GIVEN DATA -
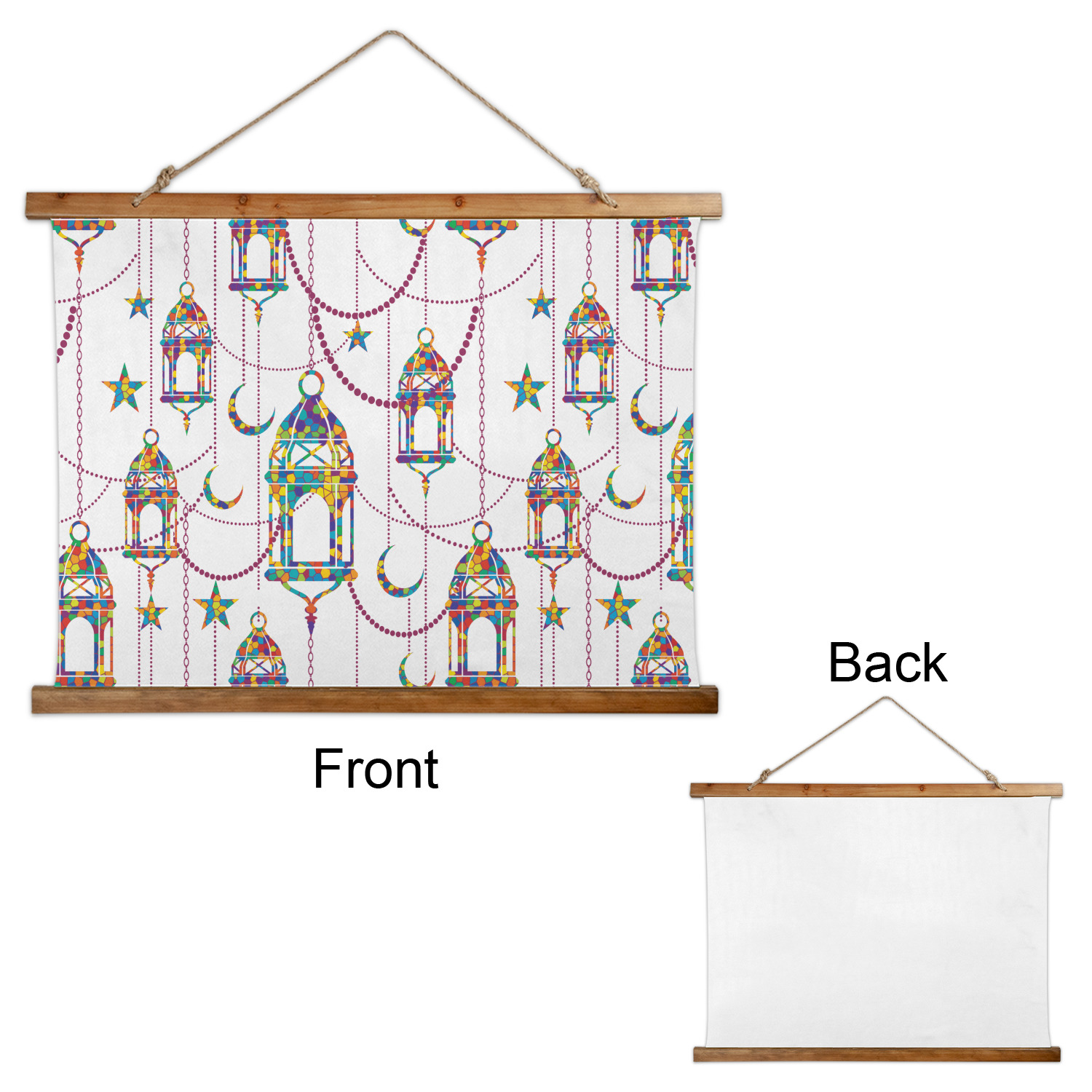 Made in two different orientations - portrait or landscape - both are 26" x 36". Your design is printed on a high quality polyester fabric with hemmed edges. The wood on the top and bottom of the tapestry is 1.25" tall and 0.25" thick and there are two pieces on top and bottom which sandwich the fabric.
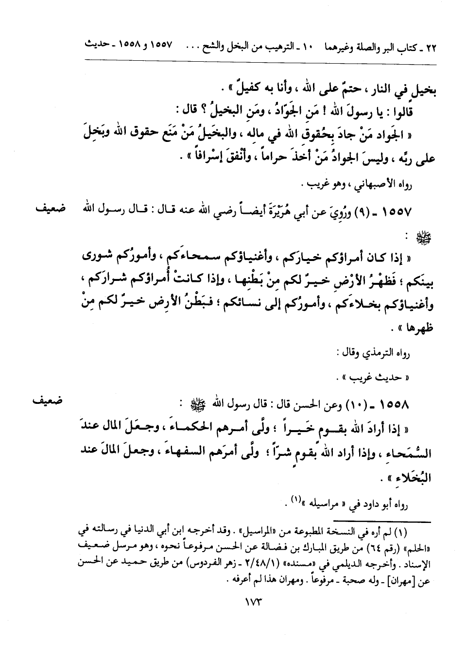 "إذا كان أمراؤكم خيارَكم، وأغنياؤكم سمحاءَكم، وأمورُكم شورى بينَكم؛ فَظهْرُ الأرْضِ خيرٌ لكم مِنْ بَطْنِها، وإذا كانتْ أُمراؤكم شرارَكم، وأغنياؤكم بخلاءَكم، وأمورُكم إلى نسائكم؛ فبَطْنُ الأرِض خيرٌ لكم مِنْ ظهرها".
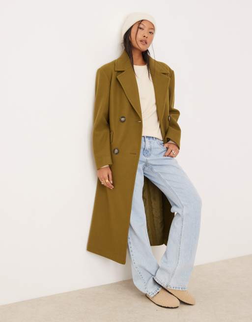 Abrigo de vestir caqui cruzado con cinturón de Miss Selfridge Petite

DIRECTIONS - Exactly the lines from the one that contains "كان أمراؤكم خيارَكم،" to the last line of the data, both included, should be set down, and no pictures should appear among them.

WRITTEN ANSWER -
 "إذا كان أمراؤكم خيارَكم، وأغنياؤكم سمحاءَكم، وأمورُكم شورى بينَكم؛ فَظهْرُ الأرْضِ خيرٌ لكم مِنْ بَطْنِها، وإذا كانتْ أُمراؤكم شرارَكم، وأغنياؤكم بخلاءَكم، وأمورُكم إلى نسائكم؛ فبَطْنُ الأرِض خيرٌ لكم مِنْ ظهرها".
 Abrigo de vestir caqui cruzado con cinturón de Miss Selfridge Petite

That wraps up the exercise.